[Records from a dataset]
--------------------

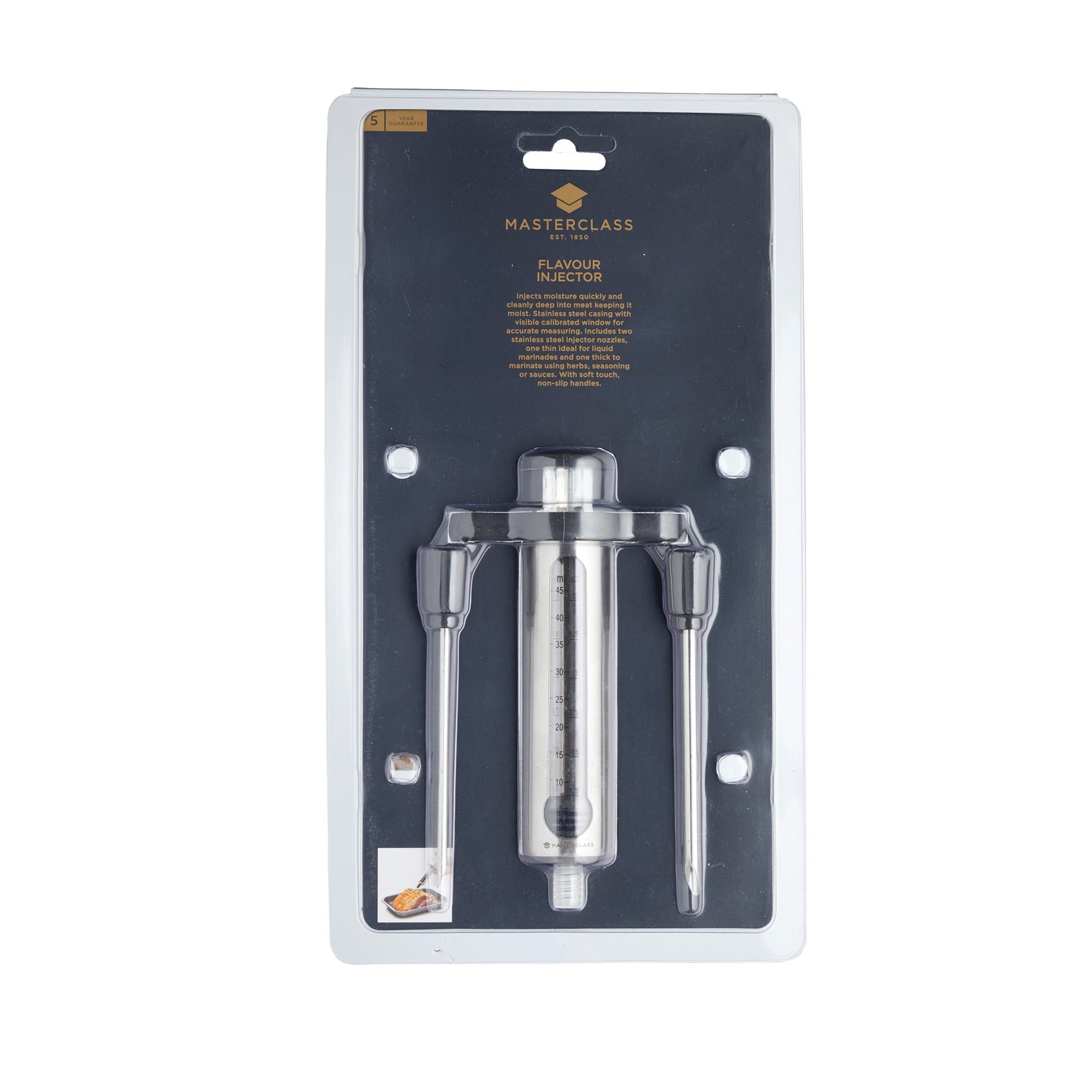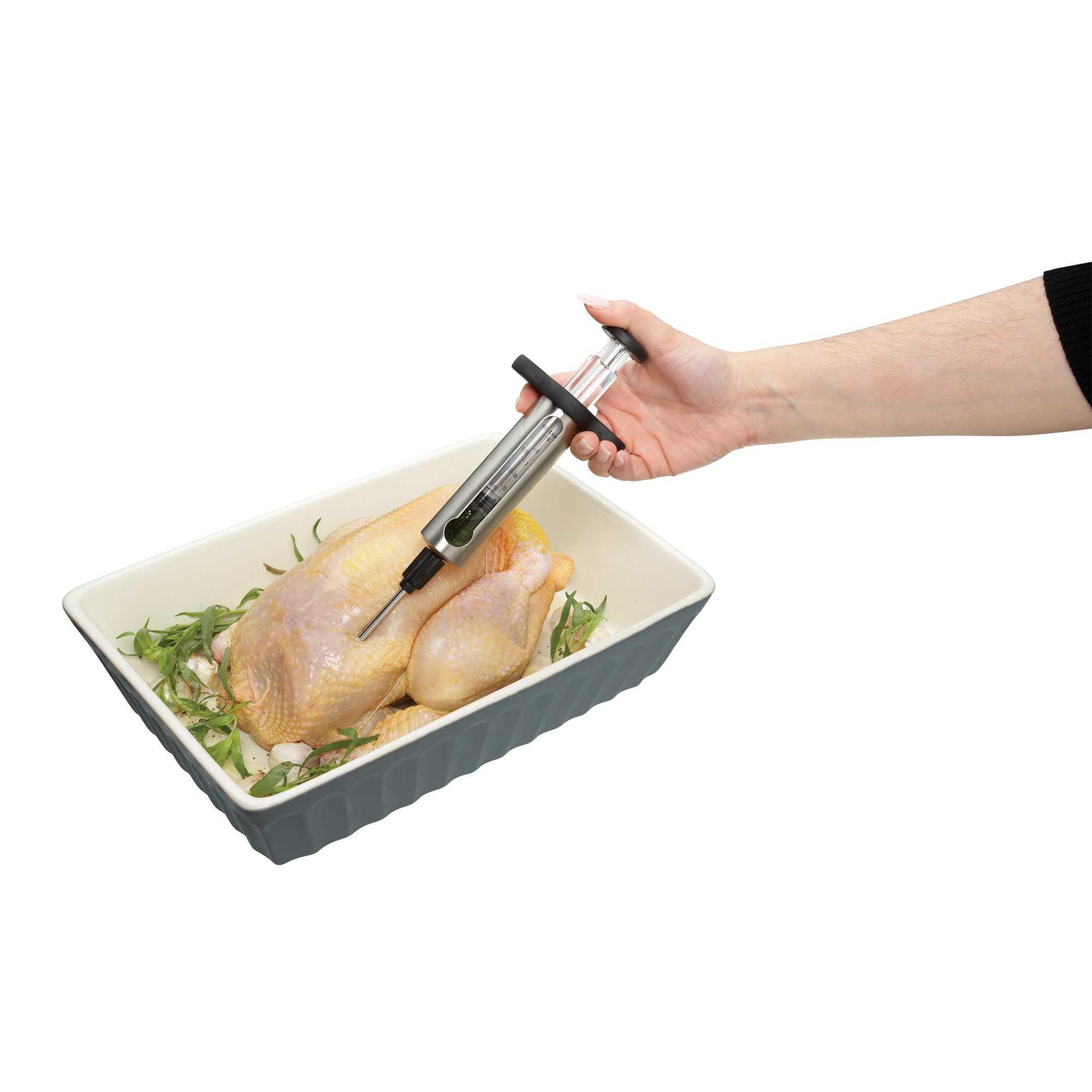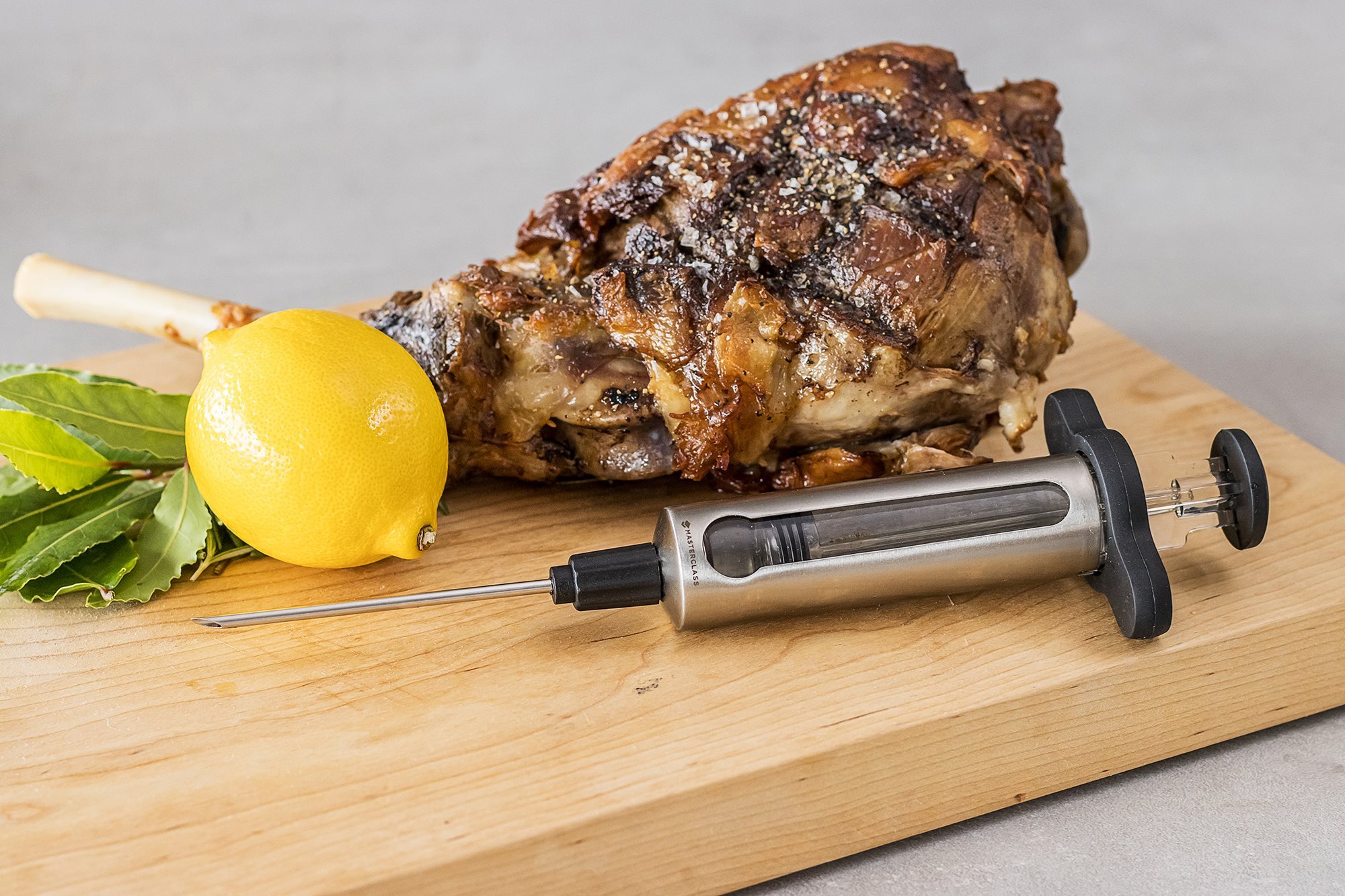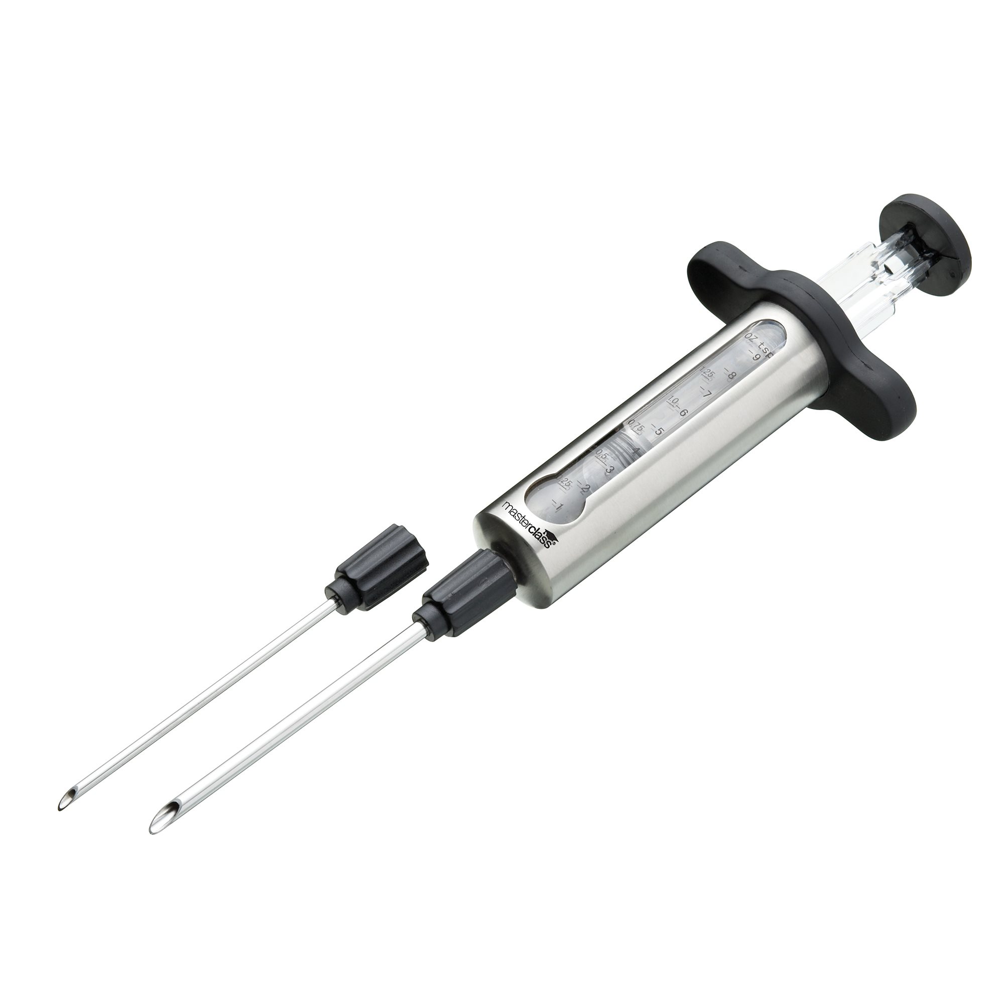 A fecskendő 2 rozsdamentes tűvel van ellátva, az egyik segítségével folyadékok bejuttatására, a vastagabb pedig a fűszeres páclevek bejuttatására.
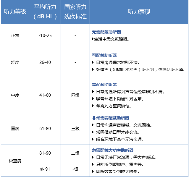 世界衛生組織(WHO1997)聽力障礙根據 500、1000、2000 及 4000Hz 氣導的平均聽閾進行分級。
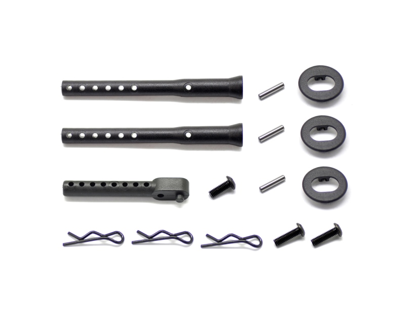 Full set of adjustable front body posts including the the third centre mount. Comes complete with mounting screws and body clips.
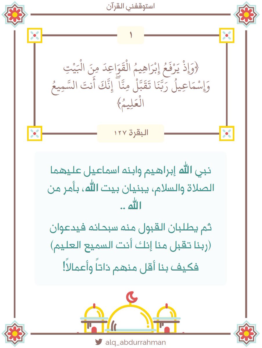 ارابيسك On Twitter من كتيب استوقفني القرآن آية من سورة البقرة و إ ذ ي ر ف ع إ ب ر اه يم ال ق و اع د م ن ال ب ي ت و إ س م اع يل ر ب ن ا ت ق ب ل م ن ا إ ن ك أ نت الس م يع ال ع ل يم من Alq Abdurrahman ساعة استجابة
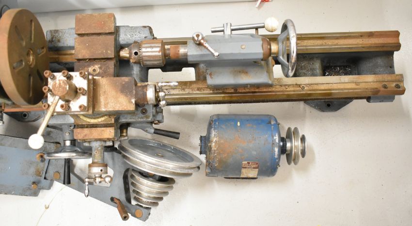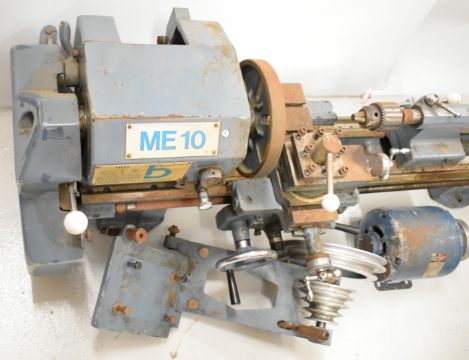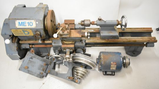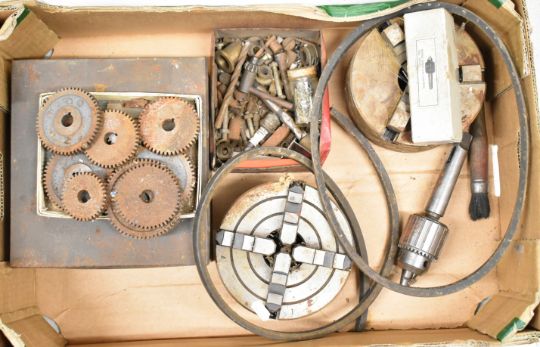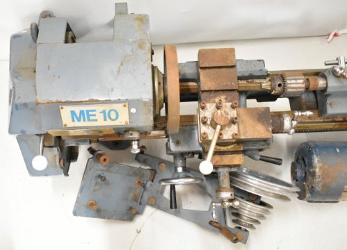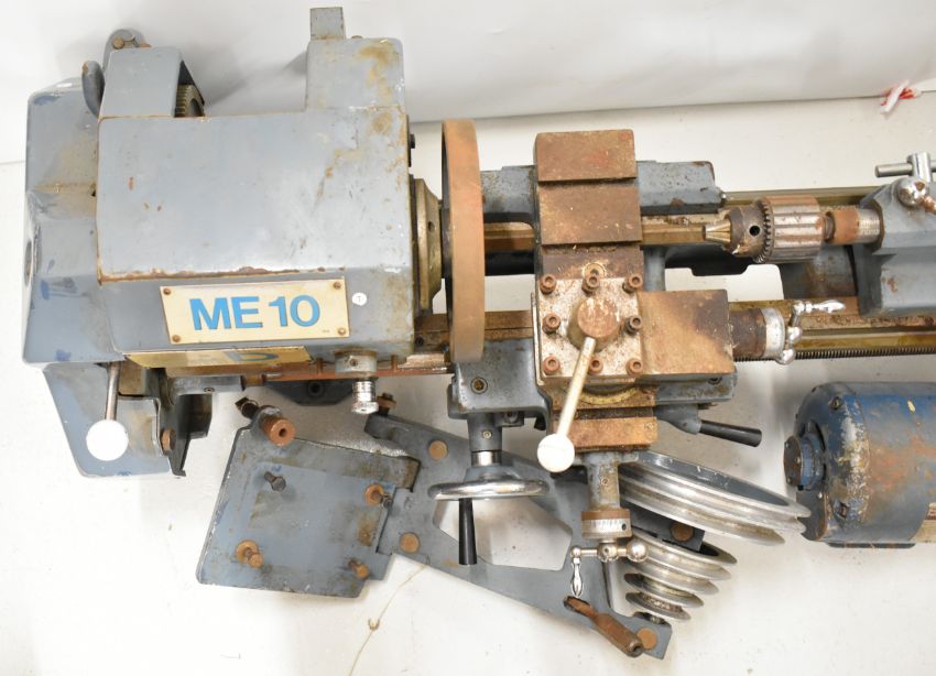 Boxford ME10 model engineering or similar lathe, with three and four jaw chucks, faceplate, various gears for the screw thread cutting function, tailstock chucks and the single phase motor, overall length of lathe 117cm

--------------------

# Exercise details
Copy exactly the lines that run from the one containing "Full set of" to the last line of the records, both included, and leave out every picture.

# Reply to the task
 Full set of adjustable front body posts including the the third centre mount. Comes complete with mounting screws and body clips.
 ارابيسك On Twitter من كتيب استوقفني القرآن آية من سورة البقرة و إ ذ ي ر ف ع إ ب ر اه يم ال ق و اع د م ن ال ب ي ت و إ س م اع يل ر ب ن ا ت ق ب ل م ن ا إ ن ك أ نت الس م يع ال ع ل يم من Alq Abdurrahman ساعة استجابة
 Boxford ME10 model engineering or similar lathe, with three and four jaw chucks, faceplate, various gears for the screw thread cutting function, tailstock chucks and the single phase motor, overall length of lathe 117cm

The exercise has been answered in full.